Situation: Customer wants to see same product with different expiration date options before deciding to buy.
Talking points: You carry a marker for a reason. Use it.

Situation: Ice buildup on walls of freezers in store.
Talking points: Call regional manager to discuss abatement options and timeline. Make it clear you are willing to adjust your schedule to meet with him in person, and that you are willing to travel halfway as long as mileage is reimbursed.

Situation: Customer traveled for 25 minutes to get to this, their favorite store.
Talking points: At the end of the transaction give the customer a Diehard sticker, and if they do not yet have a Diehard Rank Card then provide them with one. Explain that when they fill it up with 10 Diehard stickers they can redeem the card for a new Diehard Rank Card, which they can also fill with stickers as they earn them. Invite the customer, at their convenience, to consider how blessed their life is.

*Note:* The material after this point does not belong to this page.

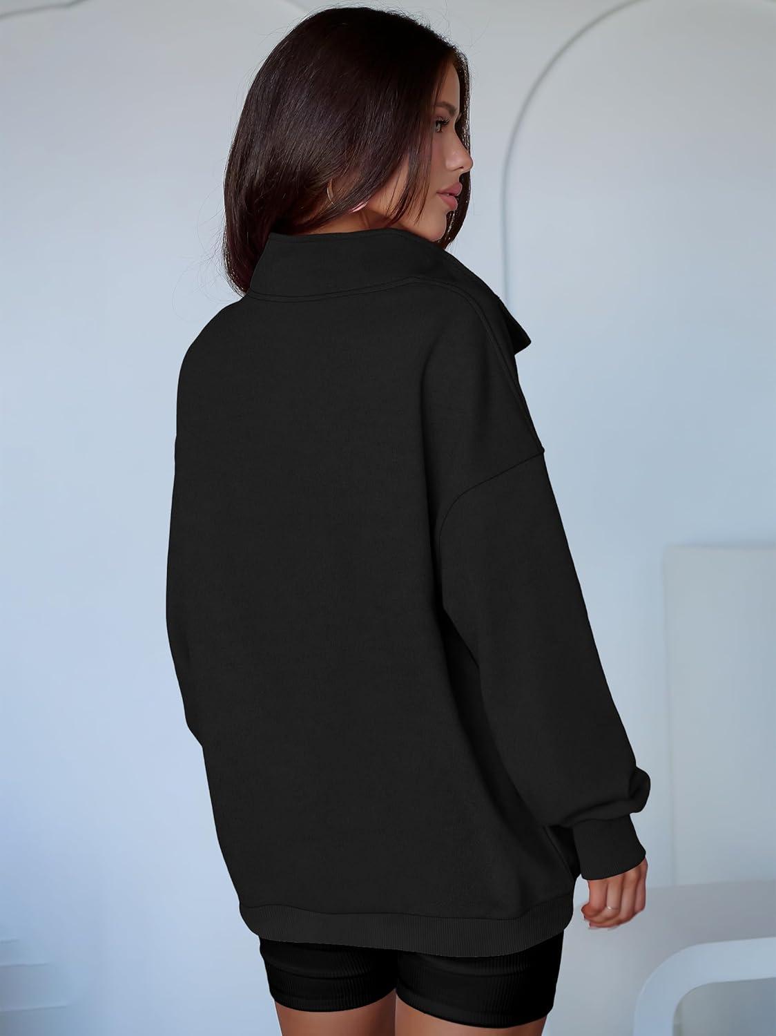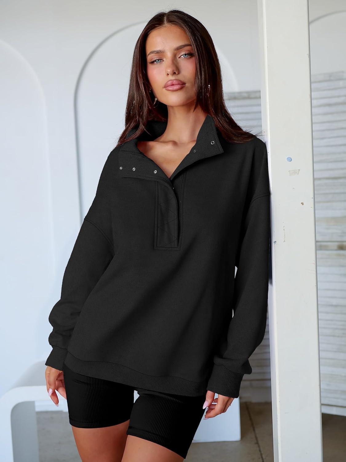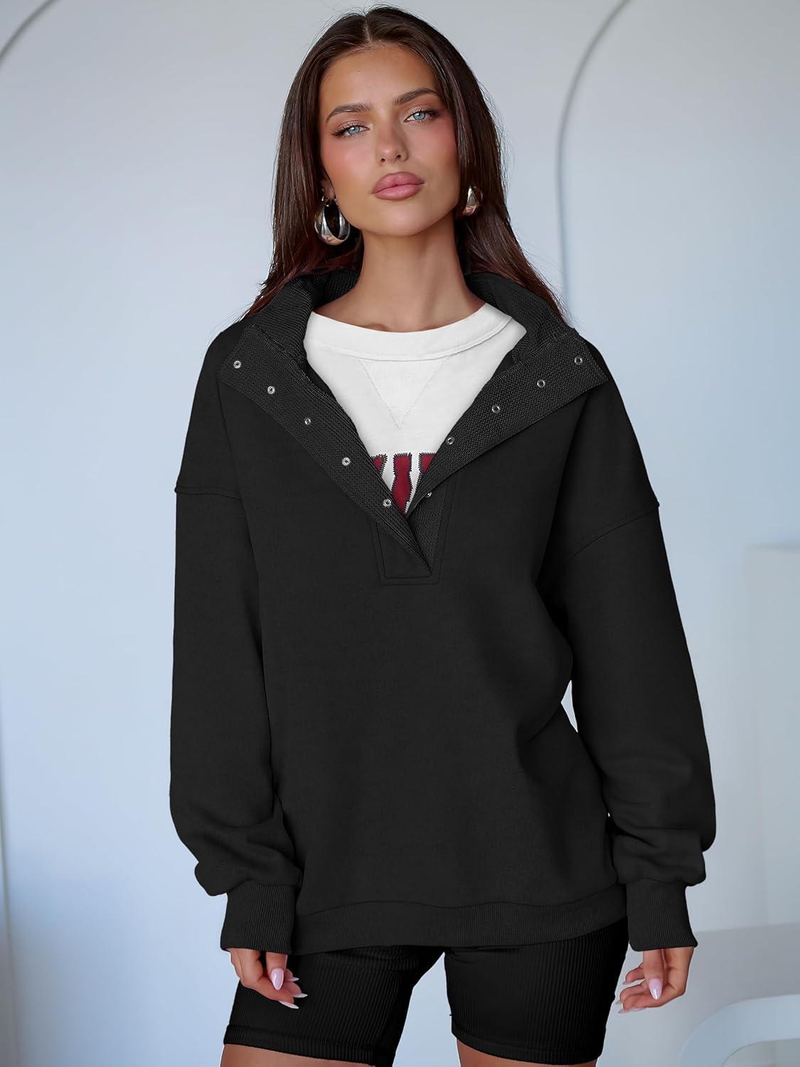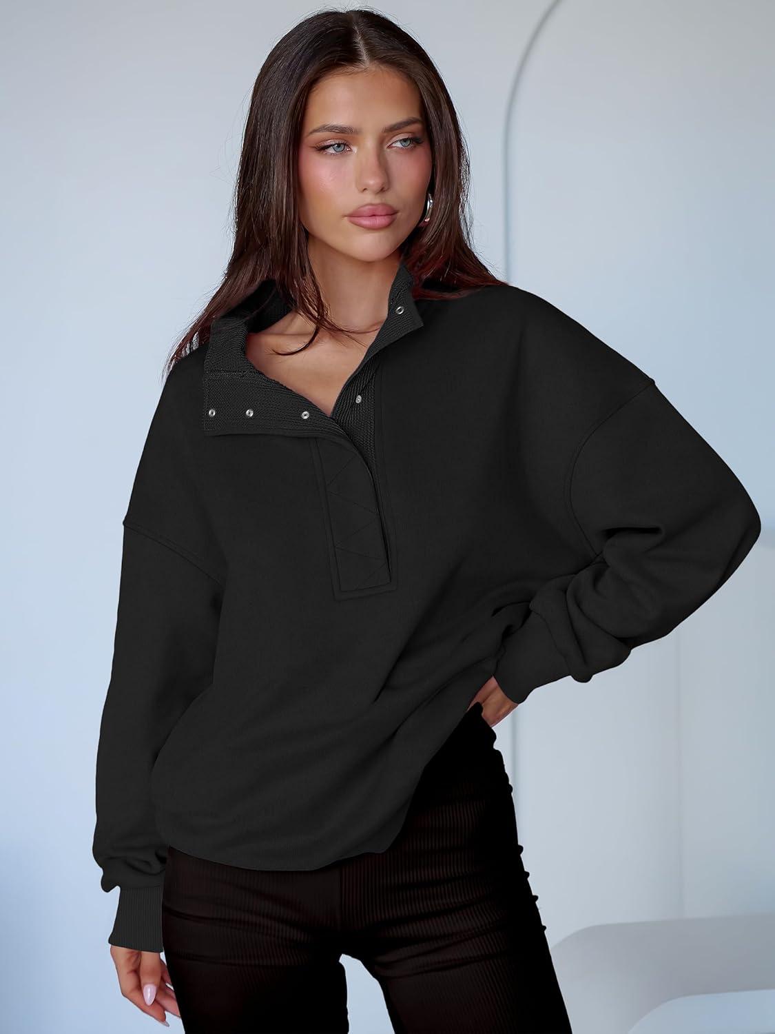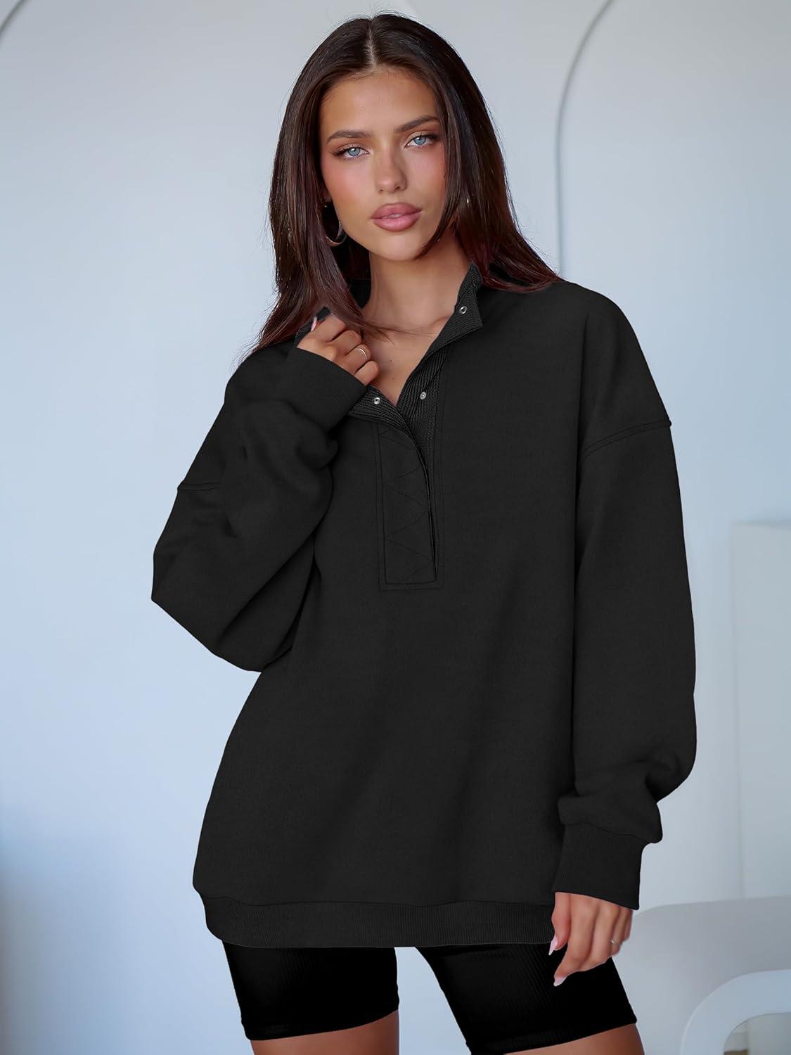 ANRABESS Womens Oversized Sweatshirt Long Sleeve Henley Pullover Tops 2026 Spring Casual Button Loose Fit Teens Outfits(Black)

Difficult Customer Conversations, Part 2

Situation: Shopping cart left outside corral in parking lot.
Talking points: Nobody is near, so nobody can hear you. Try mumbling under your breath. Assert that this kind of bullshit never happens in Canada. Then reflect on the fact that this kind of bullshit happens constantly as a part of daily shopping life in many parts of the country, and people seem to deal with it just fine. Consider your privilege. That said, enjoy a little time to yourself as you calm down. Have a smoke or whatever. Just chill, man.

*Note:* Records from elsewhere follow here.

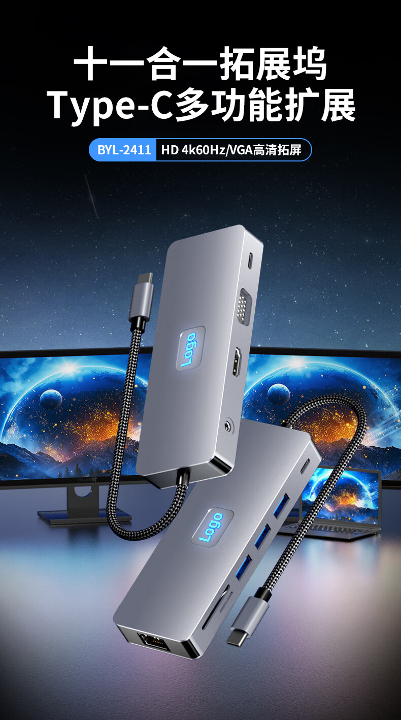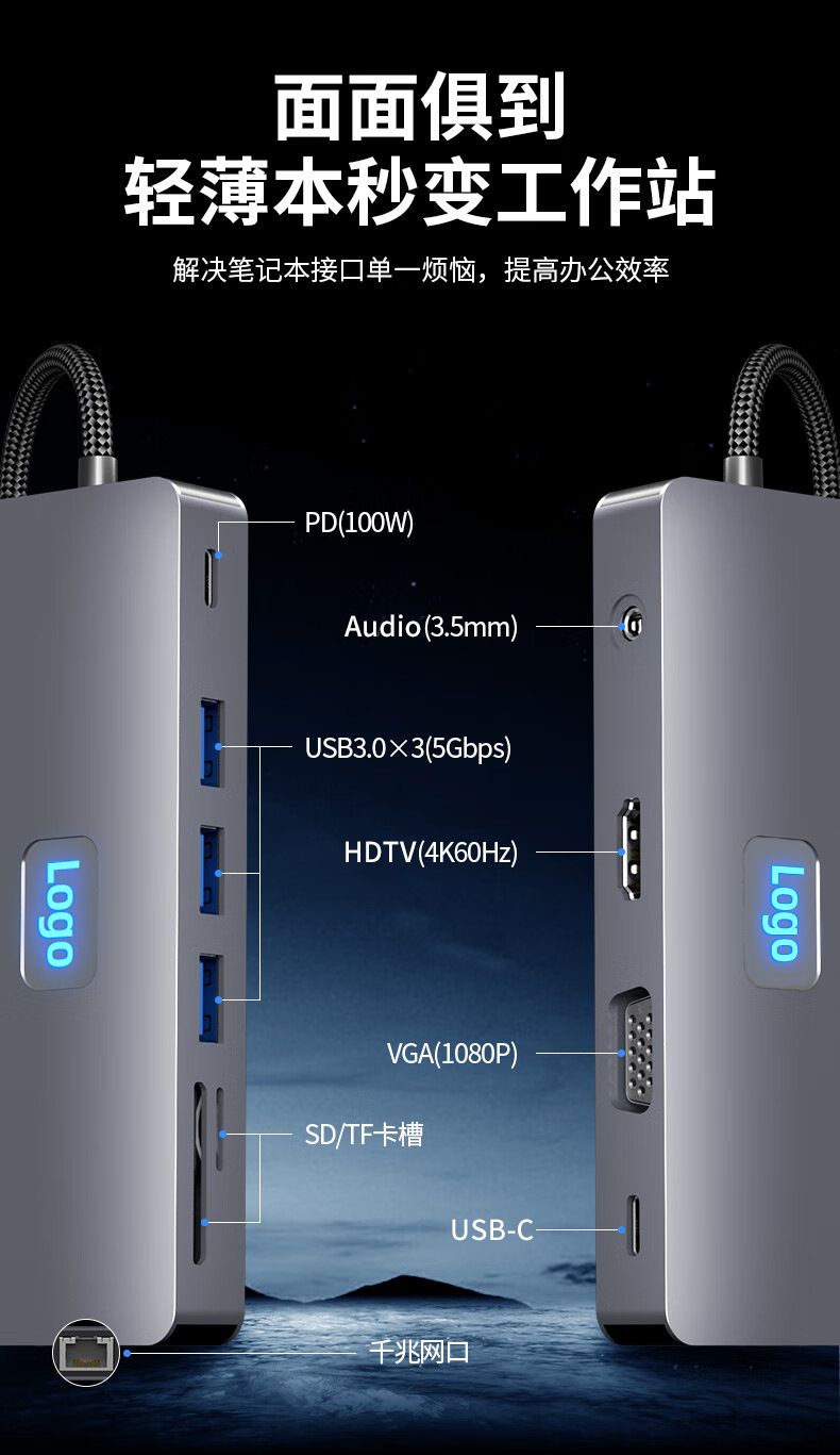 국경 간 유형-c 개발 도크 10 대 1 HD 4K60Hz VGA 도킹 스테이션 노트북 어댑터
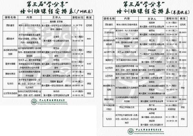第三届“学·分享”学生干部培训班核心在于“学”与“分享”两个词,“学”强调了学生干部们需通过不断学习,提高自身的技能,更好地落实“以同学为本,全心全意为同学服务”的宗旨;“分享”强调学生干部们不能拘束于组织的界限。希望通过这次交流,学生们能共同促进,共同进步,通过资源共享的方式,达到讲师与学员双赢的初衷。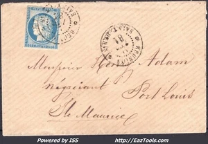 FRANCE CG N°23 SUR LETTRE POUR L'ILE MAURICE AVEC CAD ST DENIS REUNION DEC 1881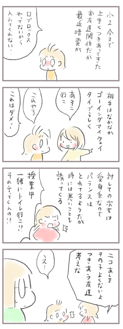妹の友人関係に物申す姉 2026年01月15日 きてくださってありがとうございます。10歳(小5)イチカと8歳(小2)ニコ、姉妹の母です。最近友人関係で悩んでいる姉妹。特に妹は初めてのようで…我が家の姉妹は性格がどちらかというと真逆。長女はさっくり言いたいことを言うストレート型。次女はあまり自分の意見を言わ ... 続きを読む きてくださってありがとうございます。10歳(小5)イチカと8歳(小2)ニコ、姉妹の母です。最近友人関係で悩んでいる姉妹。特に妹は初めてのようで…我が家の姉妹は性格がどちらかというと真逆。長女はさっくり言いたいことを言うストレート型。次女はあまり自分の意見を言わずに相手に従う内弁慶タイプ。そんな次女に姉が人生相談に乗ってました。次女もぼちぼち揉めまれる日々が来たんだなぁ…____________________姉妹ピアノインスタ作りました!長女のピアノ↓ 事情によりお子さんがピアノをやっている方のみの閲覧に変更しました次女のピアノ↓こちらはみなさん閲覧できる状態にしてます。あたらしい記事がアップされるとお知らせが届きます↓ ランキングに参加中よかったら一日一 回ぽちお願いします。にほんブログ村 タグ :#姉の人生相談#妹の友人関係

Situation: Shopping cart left at register after purchase while customer walks away.
Talking points: If you have already given notice and it is your last day working at the store, you should yell after them as they walk away, “Oh, that’s fine I’ll take your cart out of the store since you are too lazy and stupid to know that our Cart Vaporizer is broken and it doesn’t just disappear when you leave it behind! That is 100% not a problem!” If it is NOT your last day, then make eye contact with a coworker instead, and send silent telepathic hate vibrations for them to empathize with.

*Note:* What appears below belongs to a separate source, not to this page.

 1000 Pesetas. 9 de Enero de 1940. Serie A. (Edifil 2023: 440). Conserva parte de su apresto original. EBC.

Situation: Customer searching for product recommended by friend.
Talking points: What type of thing is it? Is it crunchy? What color is it? Do you have a photo? Can you start a video call with your friend? Ask manager if you can take a lengthy break to slowly meander through the store showing customer’s friend every organic product until they remember they got it at Costco. When they gush thanks for all your help, stare them in the eyes for a full second of silence. Do not blink. Tell them it was no trouble at all, and you were happy to help them out. It is important to never blink. They may reply in some way. Keep staring, not blinking. Do not move. Keep your unblinking stare focused on them. Imagine they are a Hobbit and you are the eye of Sauron, never blinking, always projecting hate. Continue until they walk out of sight.

Situation: Customer lets you know that several limes on shelf are bad.
Talking point: Thank them for the incredibly vague information, making it clear that they have been extremely helpful. No further action needed. The morning crew will find the limes if they are bad. They do that, right? The morning crew looks for those things? Consider adding a huddle note.